Multibody dynamics simulators are an important tool in many fields, including learning and control in robotics. However, many existing dynamics simulators suffer from inaccuracies when dealing with constrained mechanical systems due to unsuitable integrators with bad energy behavior and problematic constraint violations, for example in contact interactions. Variational integrators are numerical discretization methods that can reduce physical inaccuracies when simulating mechanical systems, and formulating the dynamics in maximal coordinates allows for easy and numerically robust incorporation of constraints such as kinematic loops or contacts. Therefore, this article derives a variational integrator for mechanical systems with equality and inequality constraints in maximal coordinates. Additionally, efficient graph-based sparsity-exploiting algorithms for solving the integrator are provided and implemented as an open-source simulator. The evaluation of the simulator shows improved physical accuracy due to the variational integrator and the advantages of the sparse solvers. Comparisons to minimal-coordinate algorithms show improved numerical robustness, and application examples of a walking robot and an exoskeleton with explicit constraints demonstrate the necessity and capabilities of maximal coordinates.

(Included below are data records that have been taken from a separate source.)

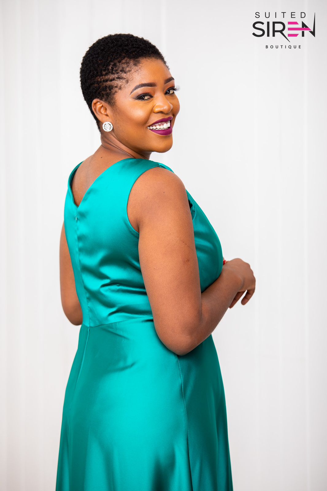 The rich, vibrant green hue adds a touch of boldness while maintaining sophistication. The dress features a sleek side slit that reaches the ankle, offering a glimpse of the leg in a refined yet daring way. The silhouette is beautifully tailored, hugging the body at the top and gently cascading to the floor, creating a graceful, elongating effect. Perfect for a formal affair, this gown combines timeless elegance with a hint of modern allure.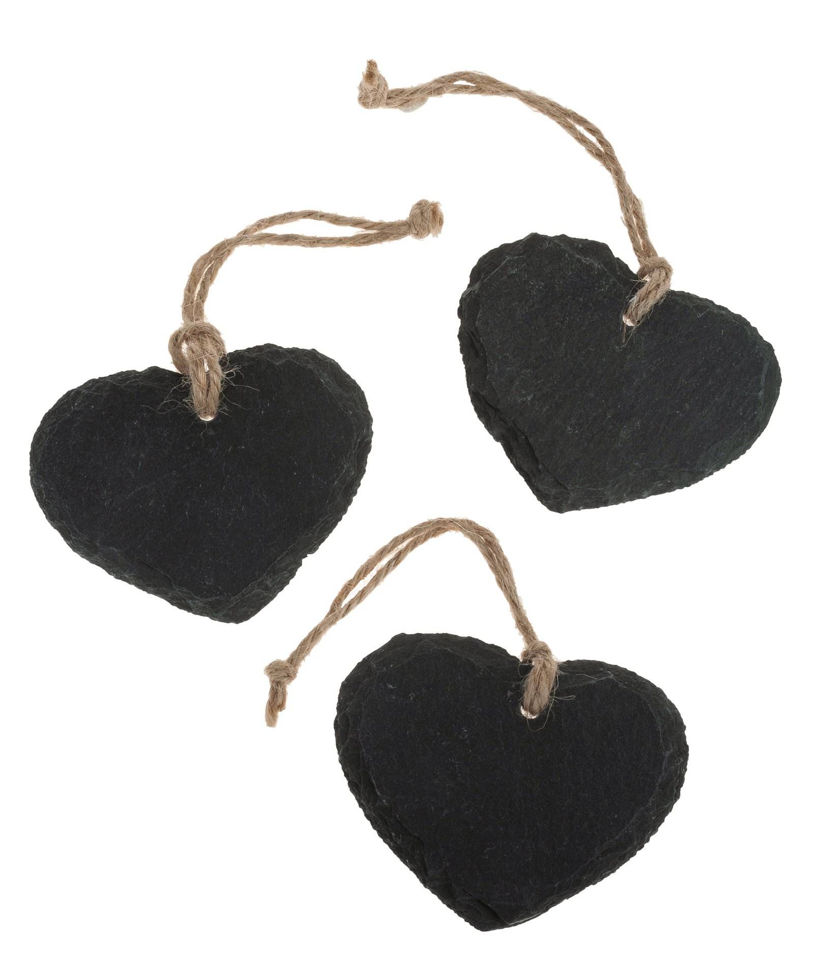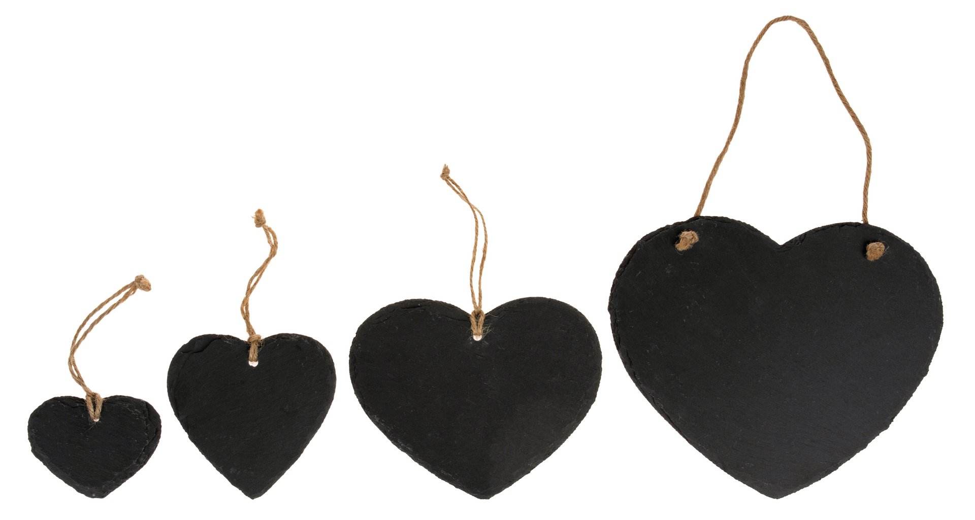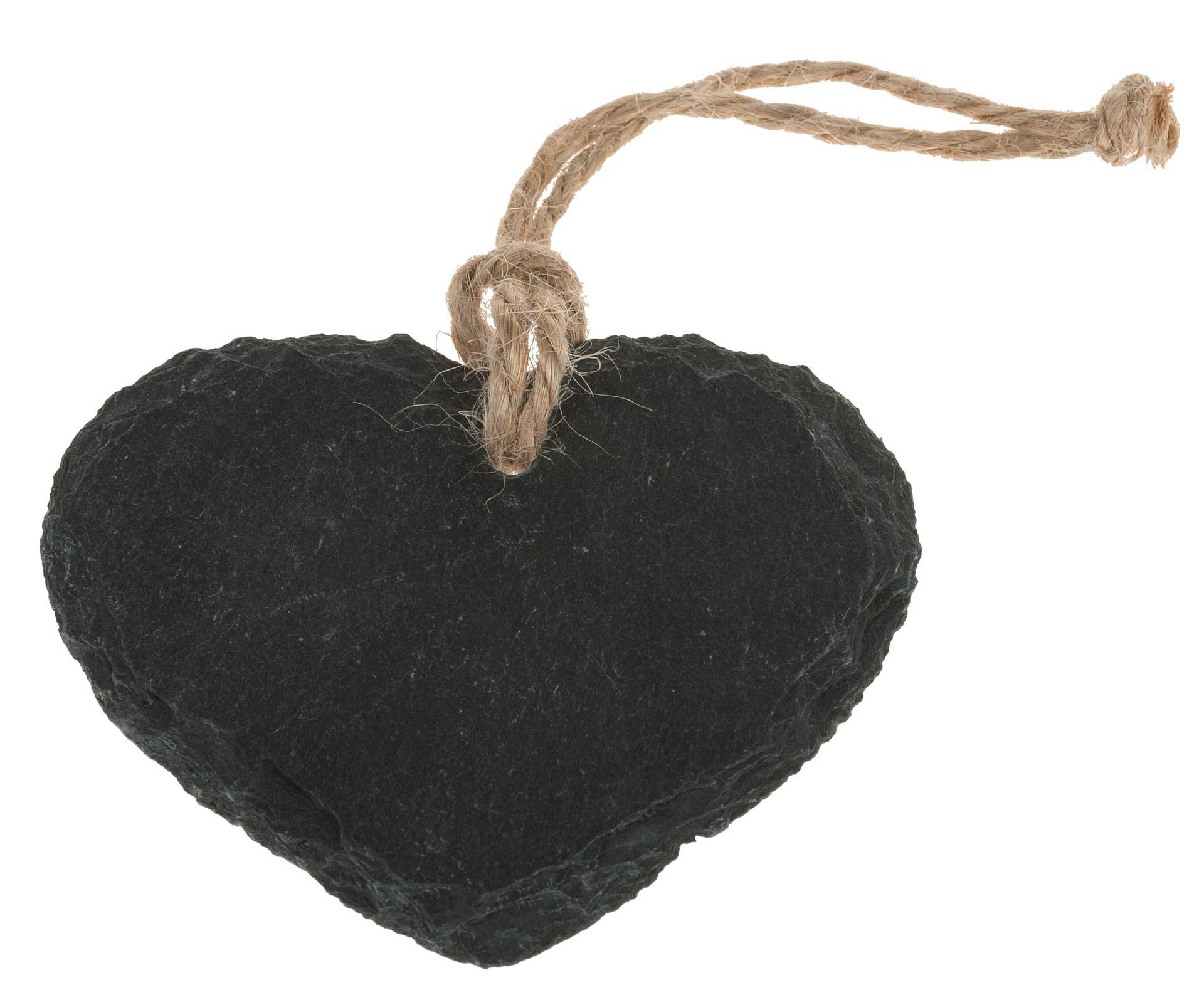 Naturschieferplatte in Herzform zum Hängen mit Jutekordel. Die Herzen können mit Tafelkreide oder Kreidestiften beschriftet werden.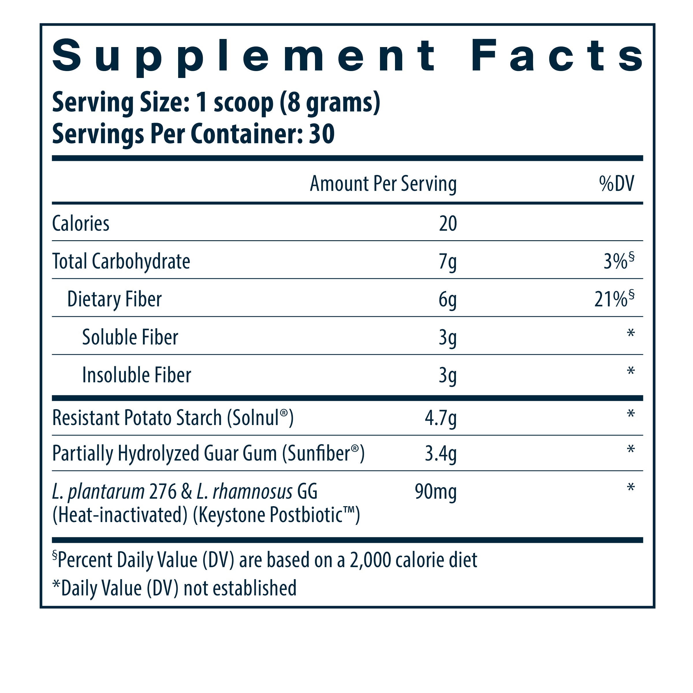 GLP-1 Daily Support Fiber is a low-FODMAP blend of soluble and insoluble fibers with added postbiotic strains for enhanced SCFA production, long-term metabolic support, and digestive regularity.Â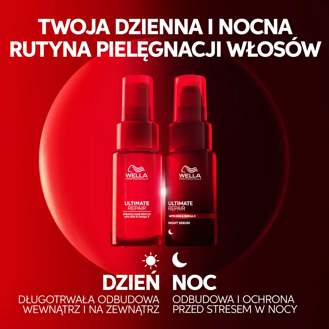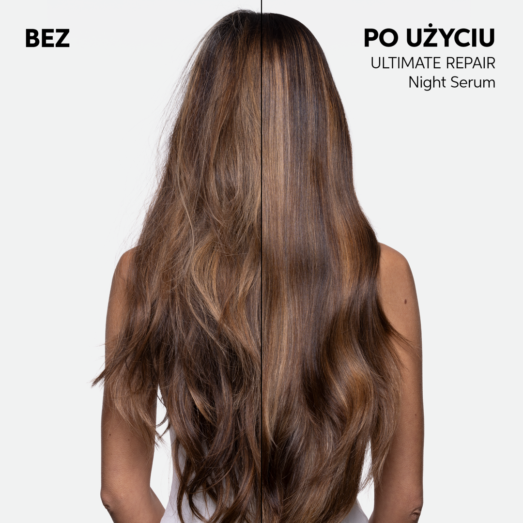 Poznaj nocne serum bez spłukiwania Wella Ultimate Repair – innowacyjny produkt do każdego rodzaju włosów, który wykorzystuje czas Twojego snu, by intensywnie regenerować, nawilżać i chronić włosy. Dzięki potrójnej mocy lekkiej formuły, serum naprawia nawet mocno zniszczone pasma, dogłębnie je odżywia i zabezpiecza przed czynnikami zewnętrznymi. Specjalnie opracowana formuła z kwasem Omega-9 oraz polimerami ochronnymi działa przez 8 godzin, dbając o kondycję włosów podczas snu. Już po pierwszej nocy włosy zyskują niesamowitą gładkość, wyglądają na wypoczęte, mniej zmęczone i są znacznie łatwiejsze do rozczesania. Po tygodniu regularnego stosowania zauważysz do 78% mniej łamliwości oraz do 86% mniej rozdwojonych końcówek. Serum jest bezpieczne dla poduszki i nie wymaga spłukiwania.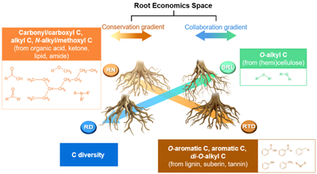 13C核磁共振(NMR)分析,量化了细根中来源于不同化合物不同官能团的碳组分相对丰度,首次报道了植物根系分子水平碳性状的变异格局,揭示了这种分子水平碳性状在塑造细根多维经济空间中的重要作用(图1)。全球尺度的数据分析表明分子水平碳性状与细根多维经济空间之间的耦合可能是一个普遍现象。这一发现不仅为理解植物根系形态和功能的多样性提供了全新的分子尺度的见解,而且对于理解植物进化、物种共存以及对异质环境的适应性等方面具有重要意义。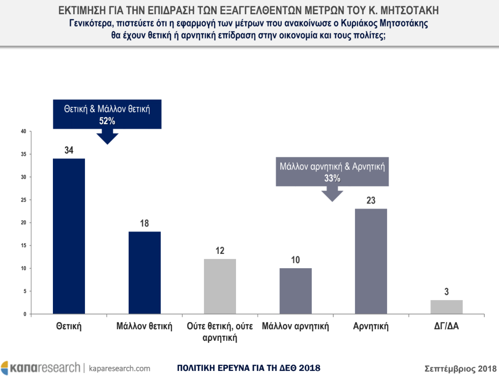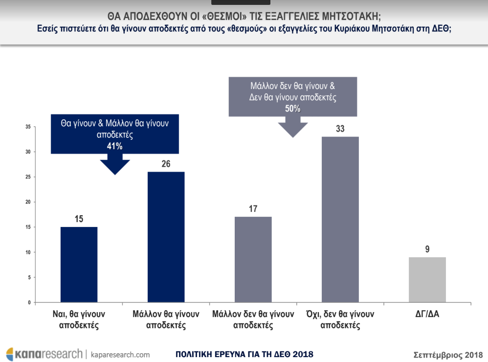 Τέλος, οι περισσότεροι από τους πολίτες που ελαβαν μέρος στη δημοσκόπηση, πιστεύουν ότι οι εξαγγελίες του Κυριάκου Μητσοτάκη στη 8η Διεθνή Έκθεση Θεσσαλονίκης είναι προς τη σωσατή κατεύθυνση.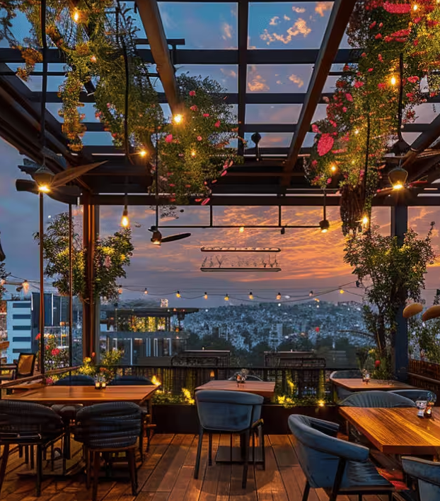 Rooftop sky lounge and viewing deck for temple vistas

多体动力学模拟器是许多领域的重要工具，包括机器人的学习和控制。然而，许多现有的动力学模拟器在处理受约束的机械系统时，由于不合适的积分器具有不良的能量行为和有问题的约束违规（例如在接触相互作用中），因此存在不准确性。变分积分器是一种数值离散方法，可以在模拟机械系统时减少物理误差，并且在最大坐标中制定动力学可以轻松且在数值上稳健地结合运动学环或接触等约束。因此，本文推导了最大坐标中具有等式和不等式约束的机械系统的变分积分器。此外，还提供了用于求解积分器的高效的基于图的稀疏性利用算法，并将其实现为开源模拟器。模拟器的评估表明，由于变分积分器和稀疏求解器的优点，物理精度得到了提高。与最小坐标算法的比较表明数值稳健性得到了提高，步行机器人和具有明确约束的外骨骼的应用示例证明了最大坐标的必要性和能力。